岩田亨の短歌工房 -斎藤茂吉・佐藤佐太郎・尾崎左永子・短歌・日本語-

短歌・日本語・斎藤茂吉・佐藤佐太郎・尾崎左永子・社会・歴史について考える

前衛短歌とは何だったのか(2)・その難解性

2010年04月04日 23時59分59秒 | 私の短歌論
前衛短歌の特徴のひとつが近代とは違った国家観にあったとすれば、二つ目はその難解性である。

・原爆忌昏れて空地に干されたる洋傘(かうもり)が風にころがりまはる・・・塚本邦雄

・渤海のかなた瀕死の白鳥を呼び出しており電話口まで・・・岡井隆

・かわきたる桶に肥料を満たすとき黒人悲歌は大地に沈む・・・寺山修司

・ふしあはせなるいくつの貌を蔽(かく)さんに夜空にかざしし黒きかうもり・・・葛原妙子

 「かうもり」とは洋傘のことだが、高度成長期以後の僕らは使わない。

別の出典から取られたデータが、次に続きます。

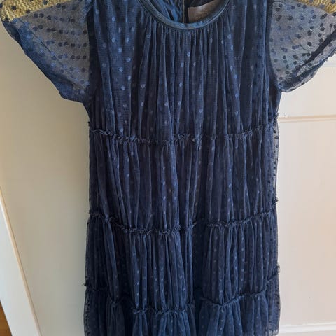Lite brukt kjole i sort velur, med lilla sløyfe og skjørt. Superfin kjole.
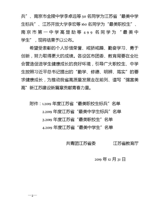 喜报:我校李月同学获评“江苏省最美中职生”称号
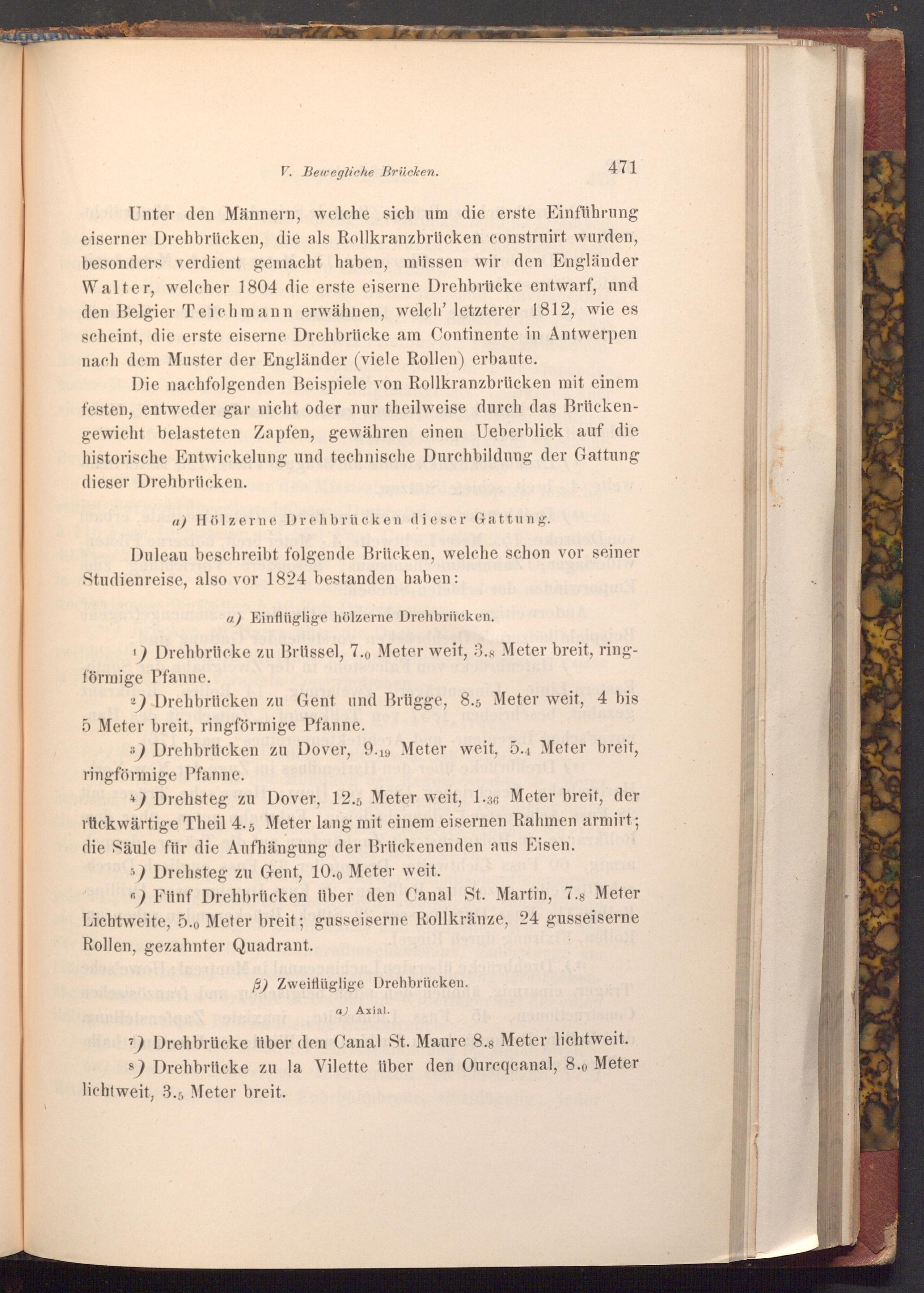 Unter den Männern, welche sich um die erste Einführung eiserner Drehbrücken, die als Rollkranzbrücken construirt wurden, besonders verdient gemacht haben, müssen wir den Engländer Walter, welcher 1804 die erste eiserne Drehbrücke entwarf, und den Belgier Teichmann erwähnen, welch' letzterer 1812, wie es scheint, die erste eiserne Drehbrücke am Continente in Antwerpen nach dem Muster der Engländer( viele Rollen) erbaute.

この場合「不安なもの・不気味なもの・何か秘密めいたもの」の暗喩として使われている。戦中派世代に特有の用法・印象である。
 「渤海のかなた」とは中国のこと。「瀕死の白鳥」は新中国の「喩」であろう。
 そして両方に共通するのは、「暗喩」が同時に「象徴」であることだ。何かを象徴しなければ、ただの「もの珍しい言葉遣い」にすぎない。

 前衛短歌の難解性は、「象徴性を含んだ暗喩」に由来する。それゆえ前衛短歌の読みは「暗喩の理解」に鍵があるし、様々な読みを可能にするのである。